Necrotizing fasciitis is rare in children. It should also be noted that children cannot provide a complete history of pain, anxiety, which parents may perceive simply as toothache or fever as an acute respiratory infection, before the onset of primary clinical signs. In our case, it has been proven that rapid intensive therapy, antibiotic therapy, and early surgical debridement can lead to complete recovery. Clinicians should be aware of these infections, as early treatment can increase survival.

Conflict of Interest and Financial Disclosure

The author declares that he has no conflict of interest and there was no external source of funding for the present study. None of the authors have any relevant financial relationship(s) with a commercial interest.

Consent Statement

Written informed consent was obtained from the patient for publication of this case report and accompanying images.

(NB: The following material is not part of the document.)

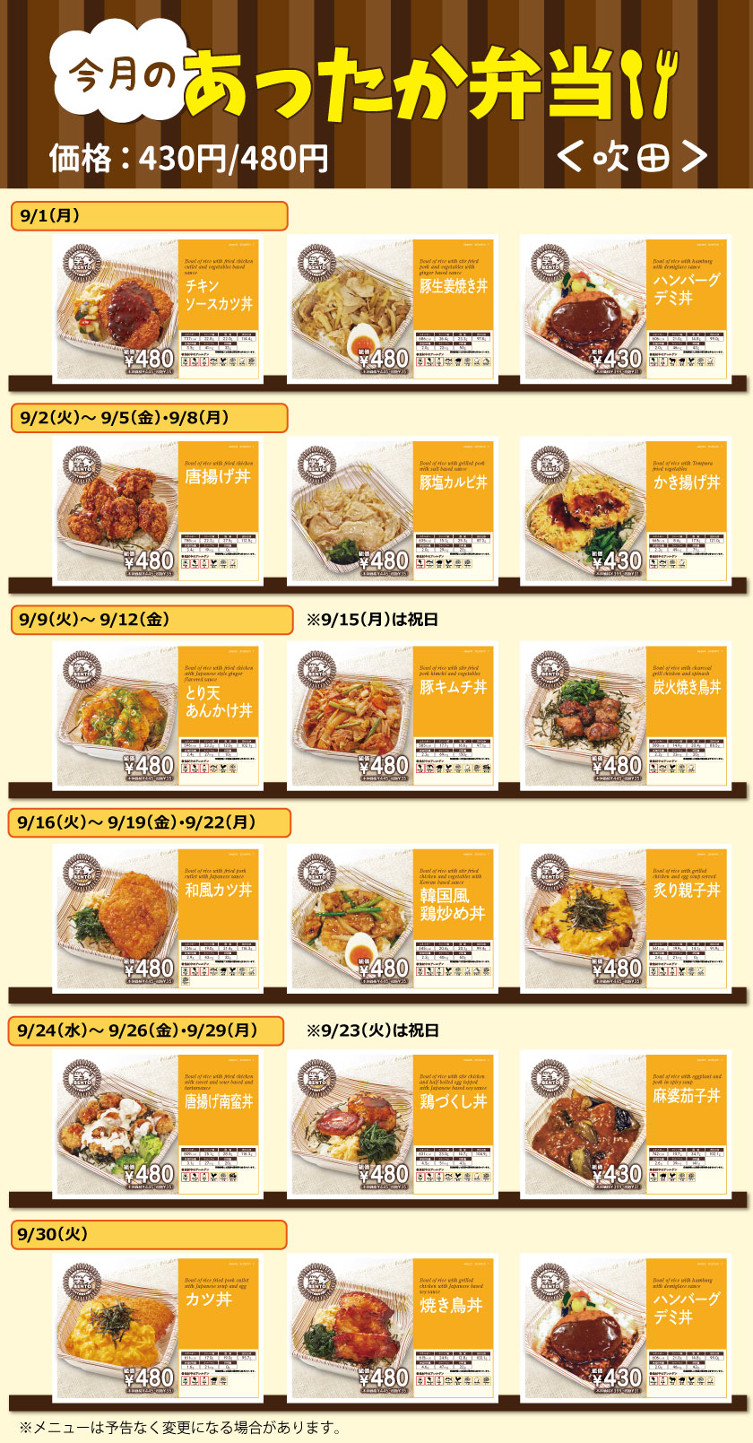 取扱店舗:「工学部購買店」「本部前店」「医学部mini shop」「歯学部店」「薬学部 弁当ショップ」あったか弁当カレンダー(430円/480円)

  1. Bisno AL, Stevens DL (1996) Streptococcal infections of skin and soft tissue, N Engl J Med 334(4): 240-245.
  2. Viktoria A P feifle, Stephanie J Gros, Stefan Holland-Cunz Alexandre Kämpfen (2017) Necrotizing fasciitis in children due to minor lesions. Journal of Pediatric Surgery Case Reports 25: 52-55.
  3. Marioni G, Rinaldi R, Ottaviano G, Marchese-Ragona R, Savastano M, et al. (2006) Cervical necrotizing fasciitis - A novel clinical presentation of Burkholdena Ceparia infection. Infect 53: 219-222.
  4. CH Wong, HC Chang, S Pasupathy, LW Khin, JL Tan, et al. (2003) Necrotizing fasciitis: clinical    presentation, microbiology, and determinants of mortality. Journal of Bone and Joint Surgery 85(8): 1454-1460.
  5. G Darmstadt (2003) Subcutaneous tissue infections and abscesses in Principles and Practice of Pediatric Infectious Diseases. S Long, L Pickering, C Prober (Eds.), Churchill-Livingstone, New York, N, USA, 2nd edition pp. 449-457.
  6. MA Jackson, J Colombo, A Boldrey (2003) Streptococcal fasciitis with toxic shock syndrome in the pediatric patient. Orthopaedic Nursing/National Association of Orthopaedic Nurses 22(1): 4-8.
  7. John Rausch, Marc Foca (2011) Necrotizing Fasciitis in a Pediatric Patient Caused by Lancefield Group G Streptococcus: Case Report and Brief Review of the Literature. Case Reports in Medicine.
  8. Anisha Maria, K Rajnikanth (2010) Cervical necrotizing fasciitis caused by dental infection: A review and case report. Natl J Maxillofac Surg 1(2): 135-138.
  9. Charles van Niekerk , Razia AG Khammissa, Mario Altini, Johan Lemmer, Liviu Feller (2014) Noma and Cervicofacial Necrotizing Fasciitis: Clinicopathological Differentiation and an Illustrative Case Report of Noma. Aids Research And Human Retroviruses 30(3): 213-216.
  10. Aisha Sethi (2013) Bacterial Skin and Soft Tissue Infections. Tropics, Hunter’s Tropical Medicine and Emerging Infectious Disease, 9th Edition pp. 515-518.
  11. Ali Banki, Frank M Castiglione (2016) Infections of the Facial Skin and Scalp. Head, Neck, and Orofacial Infections, A Multidisciplinary Approach pp. 318-333.
  12. Ericka King, Robert Chun, Cecille Sulman (2012) Pediatric cervicofacial necrotizing fasciitis: a case report and review of a 10-year national pediatric database, Arch Otolaryngol Head Neck Surg 138(4): 372-375.